— Problem details —
Every line of the listing below from the one with "Tower Defense Of" up to and including the one with "Priešingai jo paveiksluose" should be retyped exactly, and nothing else; pictures are not part of the copy.

— Source data —
---

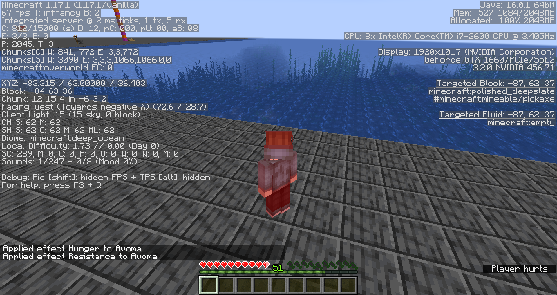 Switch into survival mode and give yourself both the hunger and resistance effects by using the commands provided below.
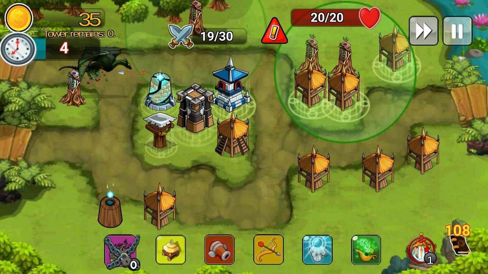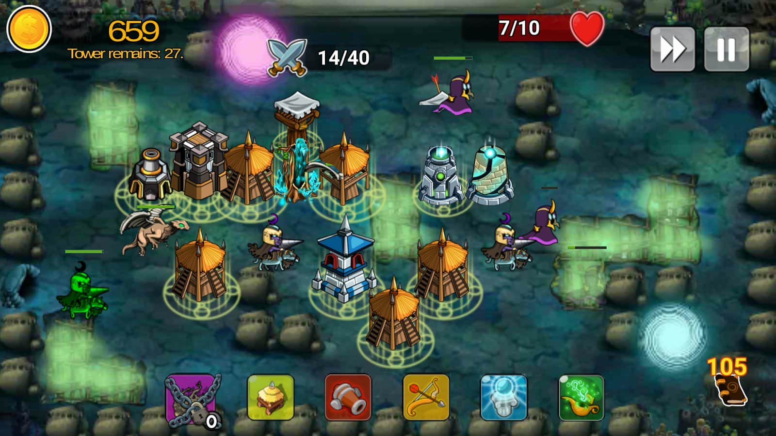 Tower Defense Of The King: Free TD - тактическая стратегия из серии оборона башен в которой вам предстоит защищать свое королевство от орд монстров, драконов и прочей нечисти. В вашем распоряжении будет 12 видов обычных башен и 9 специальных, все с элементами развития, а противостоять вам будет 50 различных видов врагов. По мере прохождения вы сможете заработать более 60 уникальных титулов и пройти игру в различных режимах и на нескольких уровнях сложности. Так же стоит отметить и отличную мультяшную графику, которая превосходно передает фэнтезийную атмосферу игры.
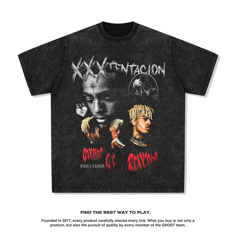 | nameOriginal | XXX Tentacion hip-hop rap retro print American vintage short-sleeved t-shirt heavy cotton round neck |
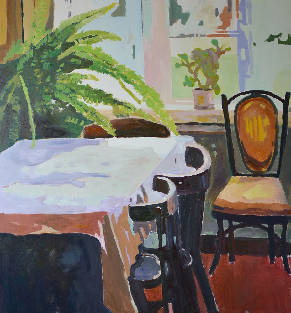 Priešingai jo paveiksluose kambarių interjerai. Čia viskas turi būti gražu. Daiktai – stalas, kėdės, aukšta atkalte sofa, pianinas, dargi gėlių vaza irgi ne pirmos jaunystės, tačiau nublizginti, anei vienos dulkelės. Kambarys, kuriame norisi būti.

---

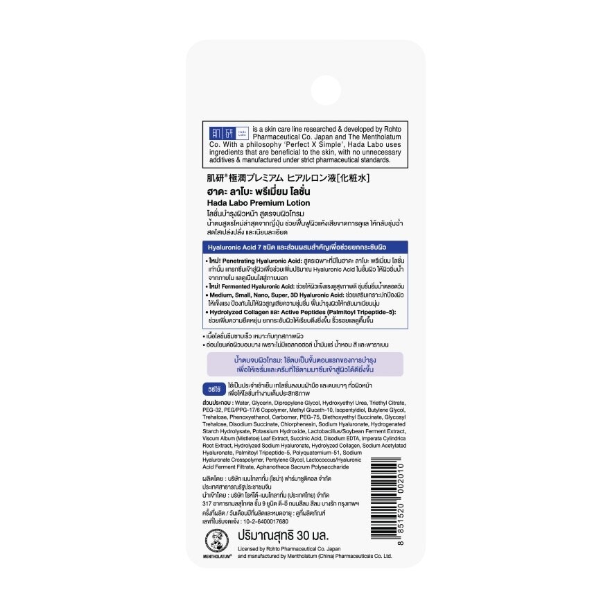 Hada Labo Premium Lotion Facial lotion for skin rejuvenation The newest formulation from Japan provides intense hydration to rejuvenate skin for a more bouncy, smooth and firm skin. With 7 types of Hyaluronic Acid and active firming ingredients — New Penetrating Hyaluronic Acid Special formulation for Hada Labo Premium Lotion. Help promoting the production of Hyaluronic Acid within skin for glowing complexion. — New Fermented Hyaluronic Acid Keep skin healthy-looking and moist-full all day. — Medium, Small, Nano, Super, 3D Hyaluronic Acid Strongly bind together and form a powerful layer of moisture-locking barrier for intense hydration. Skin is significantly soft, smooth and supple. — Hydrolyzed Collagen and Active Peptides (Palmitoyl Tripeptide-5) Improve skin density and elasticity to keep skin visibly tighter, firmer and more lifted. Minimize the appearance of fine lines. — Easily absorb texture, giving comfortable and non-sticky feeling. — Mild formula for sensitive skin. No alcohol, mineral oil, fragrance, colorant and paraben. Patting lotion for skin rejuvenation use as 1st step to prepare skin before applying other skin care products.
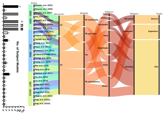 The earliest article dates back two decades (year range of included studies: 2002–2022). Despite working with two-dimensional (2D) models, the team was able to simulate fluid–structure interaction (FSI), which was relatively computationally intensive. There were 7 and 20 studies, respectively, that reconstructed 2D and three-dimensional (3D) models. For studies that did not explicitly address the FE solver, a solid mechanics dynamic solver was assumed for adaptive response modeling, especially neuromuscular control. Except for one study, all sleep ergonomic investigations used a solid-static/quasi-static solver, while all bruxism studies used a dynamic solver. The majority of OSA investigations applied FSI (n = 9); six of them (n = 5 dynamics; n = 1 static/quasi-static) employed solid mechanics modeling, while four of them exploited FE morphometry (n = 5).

---

— Answer space —
 Tower Defense Of The King: Free TD - тактическая стратегия из серии оборона башен в которой вам предстоит защищать свое королевство от орд монстров, драконов и прочей нечисти. В вашем распоряжении будет 12 видов обычных башен и 9 специальных, все с элементами развития, а противостоять вам будет 50 различных видов врагов. По мере прохождения вы сможете заработать более 60 уникальных титулов и пройти игру в различных режимах и на нескольких уровнях сложности. Так же стоит отметить и отличную мультяшную графику, которая превосходно передает фэнтезийную атмосферу игры.
 | nameOriginal | XXX Tentacion hip-hop rap retro print American vintage short-sleeved t-shirt heavy cotton round neck |
 Priešingai jo paveiksluose kambarių interjerai. Čia viskas turi būti gražu. Daiktai – stalas, kėdės, aukšta atkalte sofa, pianinas, dargi gėlių vaza irgi ne pirmos jaunystės, tačiau nublizginti, anei vienos dulkelės. Kambarys, kuriame norisi būti.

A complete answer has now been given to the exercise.